They could be selling battery kits with inverters that could work as generator, save people running petrol powered generators for hours at a time. They could sell kits for homes for power outages, . If you keep it charged and the power goes out, plug it into a powerpoint and keep the fridge and other essentials running for hours. There was a guy on home life support in SA that died because his power went out, something like that could of saved him.
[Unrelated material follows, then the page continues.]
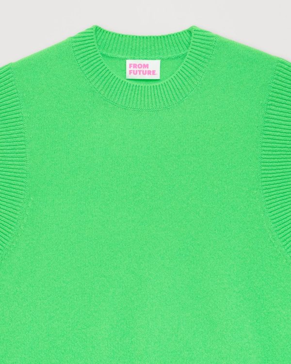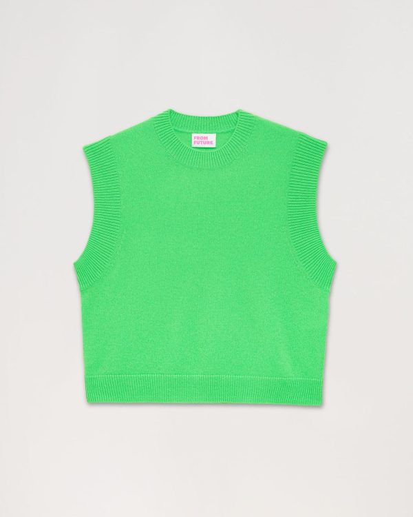 FROM FUTURE Pulls En Cachemire | Femme Pull Sans Manche Col Rond Uni Light Vert Fluo

That last paragraph describes roles that the Tesla powerwall fullfills or could fullfill if you wanted.
The thing to remember is that the Tesla home battery system is NOT  a new idea. My system uses a bank of gel pack batteries with a 24kw capacity. Cost was circa $24k for batteries. Telsa will sell you a very pretty lithium setup of much, much smaller capacity for half the price that can only power a small house for a few hours during peak periods. In a power failure simulation we ran my house for I think 3 days on solar & battery alone. It was mild weather so no A/C running and Tesla car wasn't charged. It is a pretty big double story house. Now the Tesla system is modular so you can go to 24Kw and beyond (as I can) but the cost is way more than good old tech batteries. Tesla lithium battery has one main advantage IMO and that is size. Each gel pack battery in my system weighs 70kg and they are huge. There is 24 of them so that is a fair space and a LOT of weight. If space is an issue go lithium, otherwise I can't see the point given the economics.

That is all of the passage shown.